I am gay and I am an earth scientist.//

I grew up on a dirt road in Minnesota, exploring the mixed forests and grasslands of my childhood home. At 18, I left Minnesota to pursue B.S. degrees in Computer Engineering and Computer Science at the University of Wisconsin-Madison. After 4.5 years of enduring screen-time, I took a technology detox and hiked for 5 months along the Pacific Crest Trail from Mexico to Canada, where walking from biome to biome, day after day, taught me to think at the "landscape scale”.

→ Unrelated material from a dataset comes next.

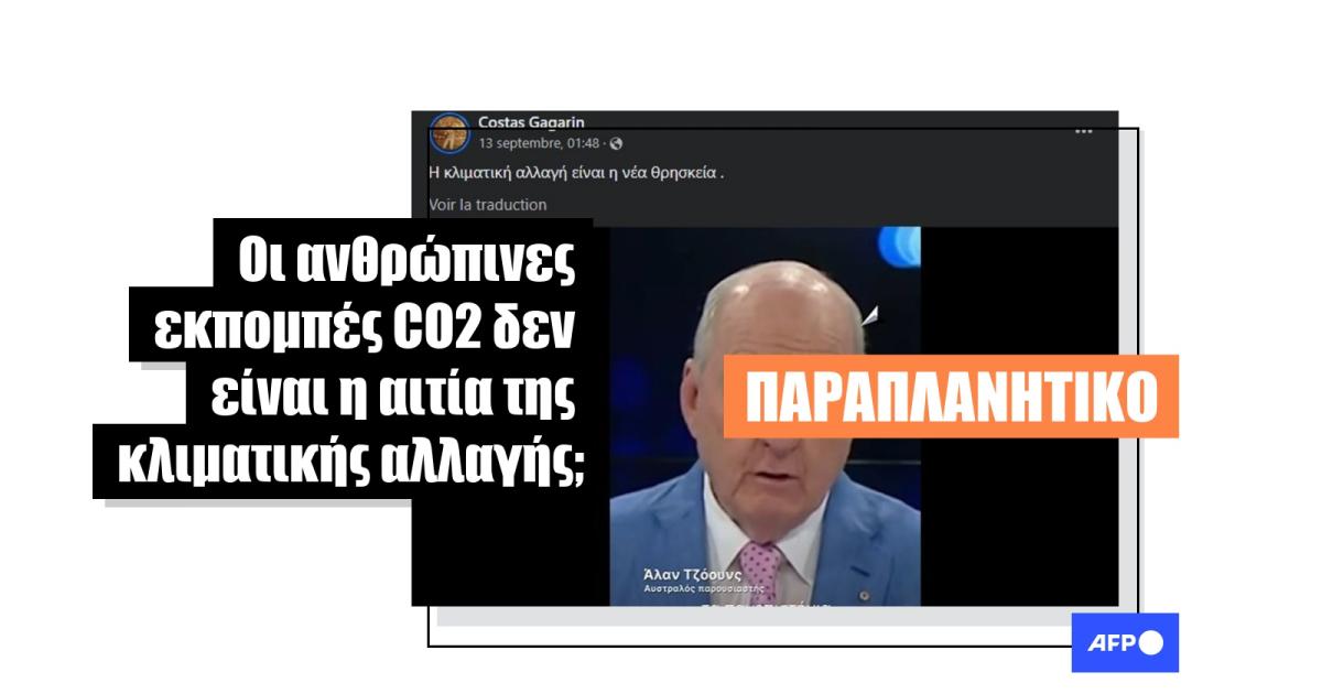 «Το διοξείδιο του άνθρακα αποτελεί το 0,04 του ποσοστού της ατμόσφαιρας. Αυτό ισχύει για ολόκληρο τον κόσμο. Τα ανθρώπινα όντα δημιουργούν μόνο το 3% αυτού του 0,04% σε ολόκληρο τον κόσμο. Και η Αυστραλία, οι άνθρωποι, οι κατασκευαστές, οι αγελάδες, οι πυρκαγιές στους θάμνους, είναι υπεύθυνοι για το 1,3%, από το 3%, από το 0,04%», λέει ο παρουσιαστής Άλαν Τζόουνς σε ένα βίντεο με ελληνικούς υπότιτλους που κοινοποιήθηκε πάνω από 890 φορές στο Facebook στις 13 Σεπτεμβρίου 2023. Ο ίδιος προσθέτει: «Προτείνει κανείς στα σοβαρά να στήσουμε την οικονομία επί της κεφαλής, να ανεβάσουμε τις τιμές της ενέργειας, να ζημιώσουμε τις επιχειρήσεις, να θέσουμε σε κίνδυνο την απασχόληση επειδή το 0,04% της ατμόσφαιρας είναι διοξείδιο του άνθρακα;».
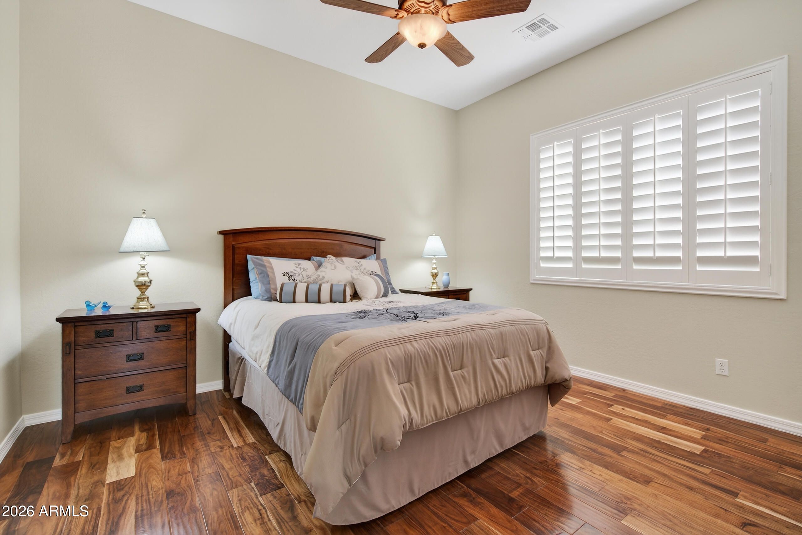 Beautiful Maintained Home is The Highly Sought-After Cambria Model. Features Detached Casita w/ Privacy for Guests. From the Moment You Step Inside, You'll See Elegant Upgrades & Features. Freshly Painted w/ Acacia Hardwood Floor in all Bedrooms. Kitchen has Granite Counters, Sky Light, Above & Under Cabinets Recessed Lights, 2 Ovens, R/O Water System, New Disposal, Seated Breakfast Bar & Pull Out Shelving w/Cabinets. Also Plantation Shutters T/O, Culligan Water Softener, Massive Laundry Room w/ High End Maytag Washer/Dryer w/ Granite Counter, Bar Area, Flex Room. Garage is Extended 8 Feet & has an A/C Mini Split keeping it Cool All Year Long. Plus Work Bench, Overhead Storage & Tons of Cabinets. Outdoors: Solar Heated Pool w/Waterfall. 25X10 Retractable Shade Awning, New Built-in Barbecue

Nearly a decade later, I work on landscape-sized problems as an Earth scientist studying the carbon cycle of North American forests. Using satellite remote sensing, land-atmosphere models and tower-based gas monitors, I’ve researched topics ranging from urban CO2 emissions monitoring, carbon impacts of bark beetle and wildfire mortality, and continental-scale tracking of plants’ photo-protective pigments. I am a NASA and NSF research fellow and am fortunate to call the University of Utah my professional home, where I garner my inspiration from the beaUTAHful Wasatch mountains.

As a queer scientist, I strive to be a supportive colleague and mentor to people of all identities. I believe that diversity makes every community stronger across all scales, from one-on-one relationships, to lab groups and departments, to global networks of humans and professionals.